The Kepler-452 system compared alongside the Kepler-186 system and our solar system. Kepler-186 is a miniature solar system that would fit entirely inside the orbit of Mercury. The size of the habitable zone of star Kepler-452, considered one of the most “Earth-like” exoplanets found so far, is nearly the same as that of our sun. “Super-Earth” Kepler-452b orbits its star once every 385 days. (NASA Ames/JPL-CalTech/R. Hurt)

 

With such a large proportion of identified exoplanets in the super-Earth to sub-Neptune class, an inescapable question arises: how conducive might they be to the origin and maintenance of life?

So little is actually know about the characteristics of these planets that are larger than Earth but smaller than Neptune (which has a radius four times greater than our planet) that few are willing to offer a strong opinion.

Nonetheless, there are some seemingly good reasons to be optimistic, about the smaller super-Earths in particular. And there are some seemingly good reasons to be pessimistic –many appear to be covered in a thick layer of hydrogen and helium gas, with a layer of sooty smog on top, and that does not sound like an hospitable environment at all.

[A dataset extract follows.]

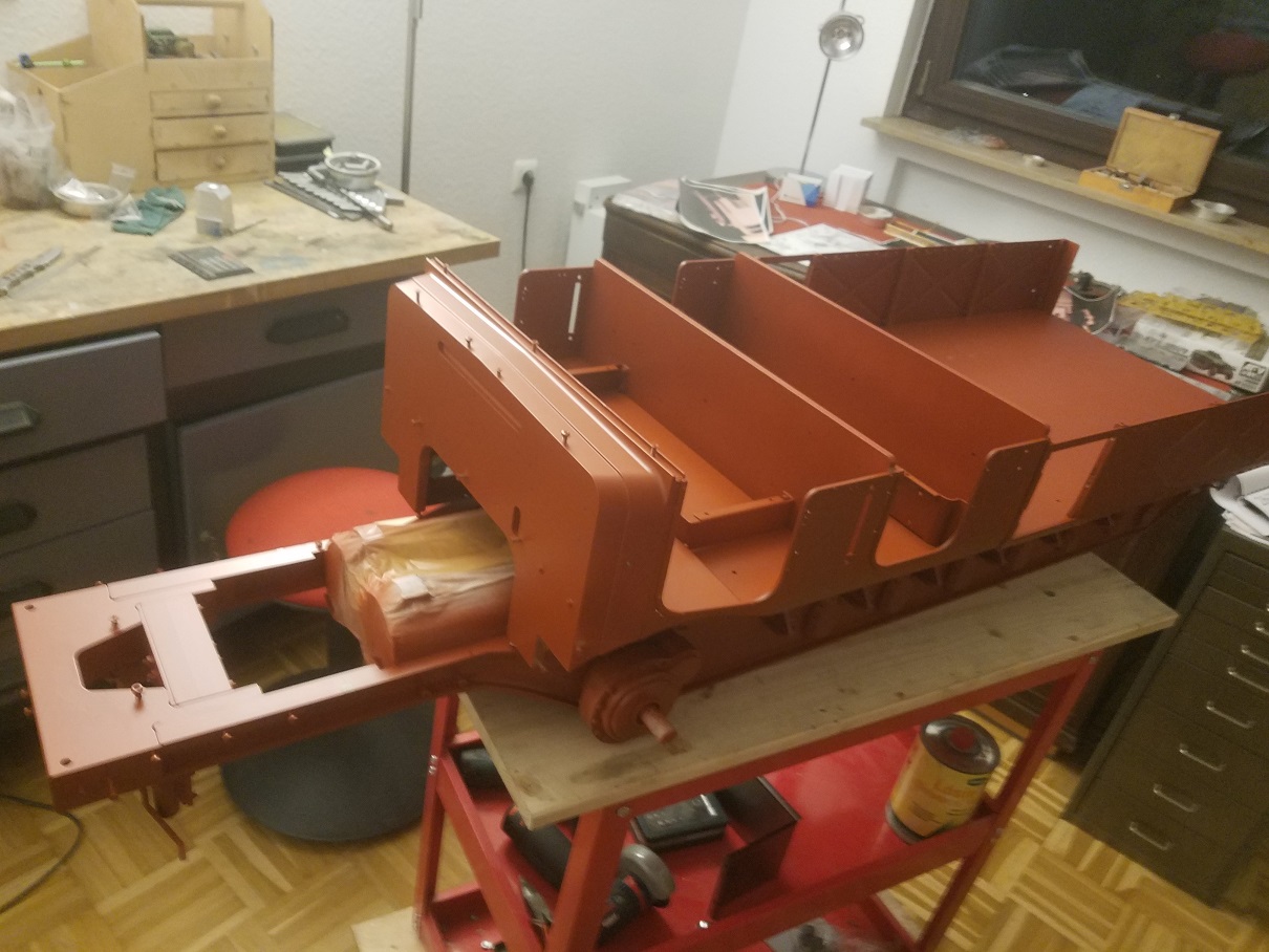 Rahmen und Karosserieteile grundiert und provisorisch zusammengestellt.

But if twenty years of exoplanet hunting has produced any undeniable truth, it is that surprising discoveries are a constant and overturned theories the norm. As described in Tuesday’s post, it was only several years ago that results from the Kepler Space Telescope alerted scientists to the widespread presence of these super-Earths and sub-Neptunes, so the fluidity of the field is hardly surprising.

One well-respected researcher who is bullish on super-Earth biology is Harvard University astronomy professor Dimitar Sasselov. He argues that the logic of physics tells us that the “sweet spot” for planetary habitability is planets from the size of Earth to those perhaps as large as 1.4 Earth radii. Earth, he says, is actually small for a planet with life, and planets with a 1.2 Earth radii would probably be ideal.

I will return to his intriguing analysis, but first will catalog a bit of what scientists have detected or observed so far about super-Earths and sub-Neptunes. As a reminder, here’s the chart of Kepler exoplanet candidate and confirmed planets that orbit G, K and M main sequence stars put together by Mission Scientist for the Kepler Space Telescope Kepler Natalie Batalha.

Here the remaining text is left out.